Action item - Given the entries that follow, write out exactly the lines starting at the one containing "(нижняя схема) рабочего" and ending at the one containing "9月9日,中国队球员王钰栋(右)与澳大利亚队球员基利·亚当森在比赛中拼抢。", both ends included, and only those.

====== Exercise data

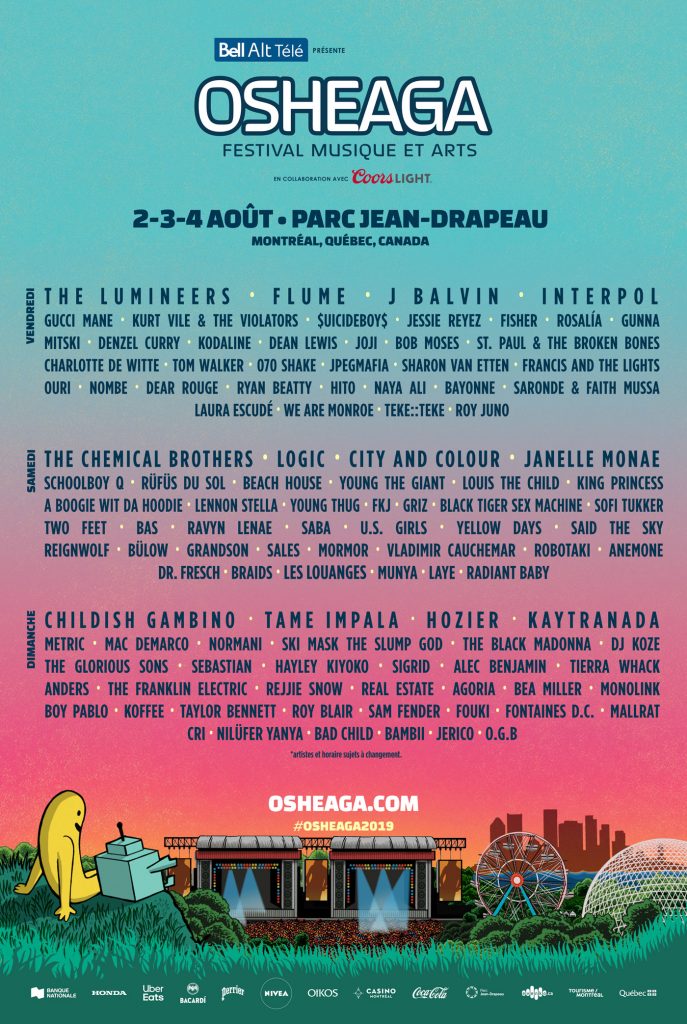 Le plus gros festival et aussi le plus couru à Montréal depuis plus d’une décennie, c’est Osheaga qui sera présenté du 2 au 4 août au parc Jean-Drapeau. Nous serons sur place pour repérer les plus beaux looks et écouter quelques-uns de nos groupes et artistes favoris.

============
====== Exercise data

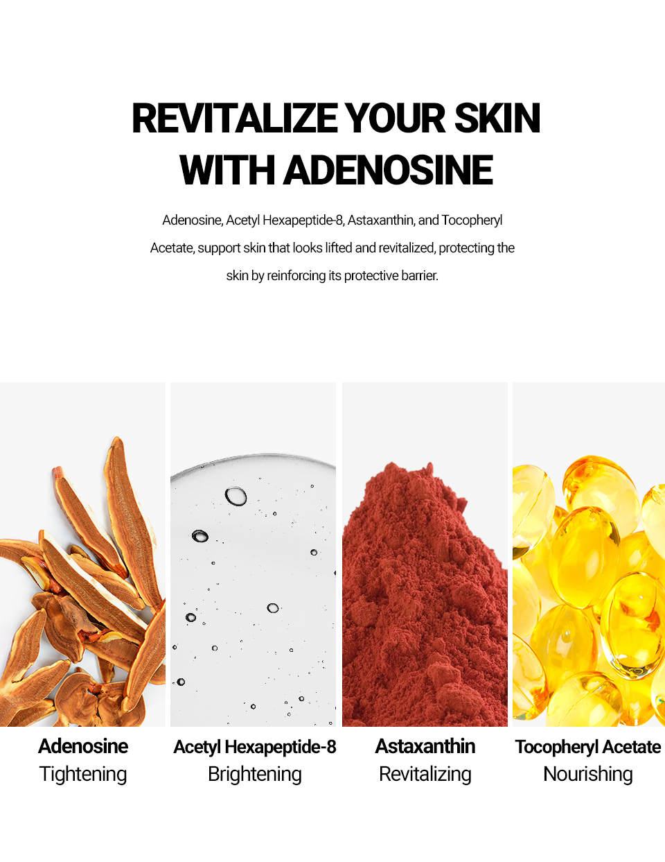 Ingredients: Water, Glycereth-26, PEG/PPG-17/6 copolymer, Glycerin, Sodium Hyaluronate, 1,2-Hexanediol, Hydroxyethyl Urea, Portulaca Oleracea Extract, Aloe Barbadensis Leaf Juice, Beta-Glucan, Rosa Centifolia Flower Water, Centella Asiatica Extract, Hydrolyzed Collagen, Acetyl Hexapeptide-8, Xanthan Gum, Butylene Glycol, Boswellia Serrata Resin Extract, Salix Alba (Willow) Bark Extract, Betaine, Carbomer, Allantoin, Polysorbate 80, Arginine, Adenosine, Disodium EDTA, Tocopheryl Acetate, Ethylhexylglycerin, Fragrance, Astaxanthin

============
====== Exercise data

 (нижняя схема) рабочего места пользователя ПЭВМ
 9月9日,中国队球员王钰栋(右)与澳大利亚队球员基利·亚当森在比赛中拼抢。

============

Expected answer -
 (нижняя схема) рабочего места пользователя ПЭВМ
 9月9日,中国队球员王钰栋(右)与澳大利亚队球员基利·亚当森在比赛中拼抢。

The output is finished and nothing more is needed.